I dismissed the matter from my mind then, but a few days later, when I was walking through the shipping department, it occurred to me that I might as well view the remains of the Angel Child, if they hadn’t been removed to his late residence. I found him sitting in the middle of the bench, looking a little sad and lonesome, but all there. The other boys seemed to be giving him plenty of room, and the Breakfast-Food Baby, with both eyes blacked, had edged along to the end of the bench. I beckoned to the Angel Child to follow me to my private office.

"What does this mean, young man?" I asked, when he got there. "Have you been fighting?"
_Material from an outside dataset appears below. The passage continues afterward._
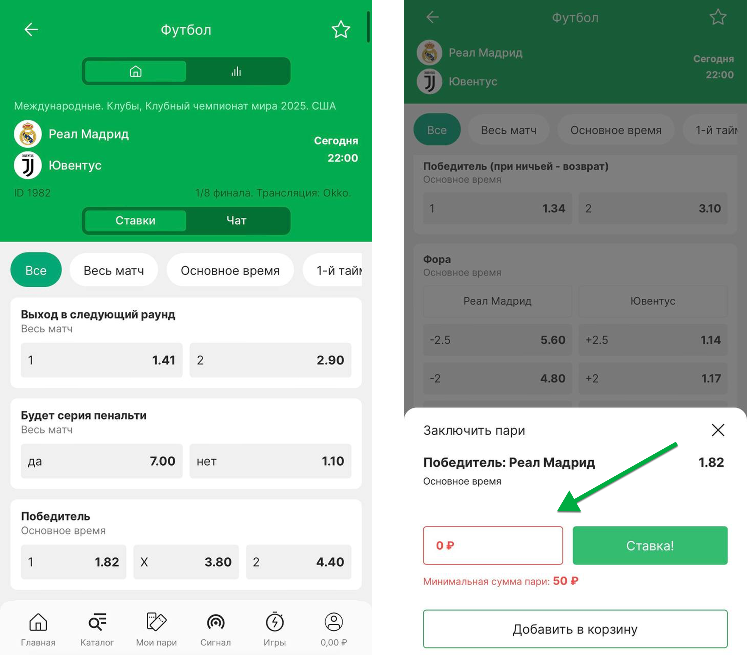 Выберите событие и рынок, нажмите на коэффициент.

"Yes, sir," he answered, sort of brightening up.

"Which one?"

"Michael and Patrick the first day, sir."

"Did you lick ‘em?"

"I had rather the better of it," he answered, as precise as a slice of cold-boiled Boston.

"And the second?"

"Why, the rest of ‘em, sir."

"Including the Breakfast-Food--er, James?"

He nodded. "James is very strong, sir, but he lacks science. He drew back as if he had a year to hit me, and just as he got good and ready to strike, I pasted him one in the snoot, and followed that up with a left jab in the eye."

I hadn’t counted on boxing lessons being on the bill of fare of the simple life, and it raised my hopes still further to see from that last sentence how we had grafted a little Union Stock Yards on his Back Bay Boston. In fact, my heart quite warmed to the lad; but I looked at him pretty severely, and only said:

"Mark you, young man, we don’t allow any fighting around here; and if you can’t get along without quarrelling with the boys in the shipping department, I’ll have to bring you into these offices, where I can have an eye on your conduct."

There were two or three boys in the main office who were spoiling for a thrashing, and I reckoned that the Angel Child would attend to their cases; and he did. He was cock of the walk in a week, and at the same time one of the bulliest, daisiest, most efficient, most respectful boys that ever worked for me. He put a little polish on the other kids, and they took a little of the extra shine off him. He’s in Harvard now, but when he gets out there’s a job waiting for him, if he’ll take it.

That was a clear case of catching an angel on the fly, or of entertaining one unawares, as the boy would have put it, and it taught me not to consider my prejudices or his parents in hiring a boy, but to focus my attention on the boy himself, when he was the one who would have to run the errands. The simple life was a pose and pretense with the Angel Child’s parents, and so they were only a new brand of snob; but the kid had been caught young and had taken it all in earnest; and so he was a new breed of boy, and a better one than I’d ever hired before.